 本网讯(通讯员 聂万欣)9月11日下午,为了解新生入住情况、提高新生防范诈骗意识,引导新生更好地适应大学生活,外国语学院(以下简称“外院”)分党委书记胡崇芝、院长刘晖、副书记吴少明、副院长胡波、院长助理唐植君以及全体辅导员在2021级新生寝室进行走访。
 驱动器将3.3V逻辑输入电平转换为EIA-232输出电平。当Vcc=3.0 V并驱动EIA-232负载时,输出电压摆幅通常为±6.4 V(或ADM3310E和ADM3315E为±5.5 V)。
...
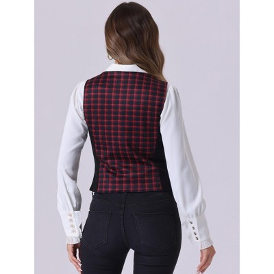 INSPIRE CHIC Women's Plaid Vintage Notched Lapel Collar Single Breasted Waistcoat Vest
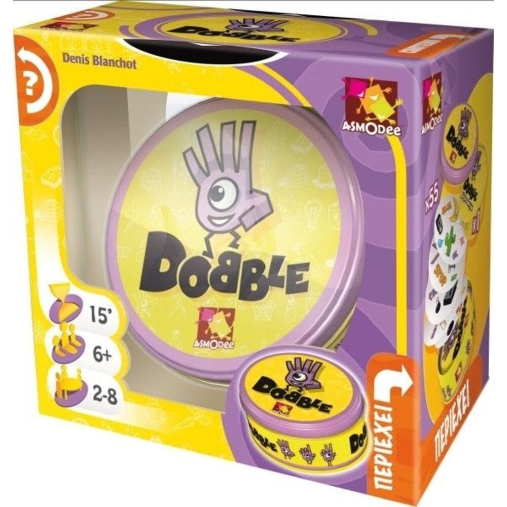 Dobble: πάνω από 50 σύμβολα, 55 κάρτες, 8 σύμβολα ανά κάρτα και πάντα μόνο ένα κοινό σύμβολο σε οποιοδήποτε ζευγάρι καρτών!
==
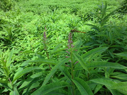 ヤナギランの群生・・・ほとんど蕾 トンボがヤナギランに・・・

** Exercise **
Go to the line above that has "INSPIRE CHIC Women's" and copy exactly from there down to the line that has "Dobble: πάνω από", both included. Leave the pictures out.

** Task result **
 INSPIRE CHIC Women's Plaid Vintage Notched Lapel Collar Single Breasted Waistcoat Vest
 Dobble: πάνω από 50 σύμβολα, 55 κάρτες, 8 σύμβολα ανά κάρτα και πάντα μόνο ένα κοινό σύμβολο σε οποιοδήποτε ζευγάρι καρτών!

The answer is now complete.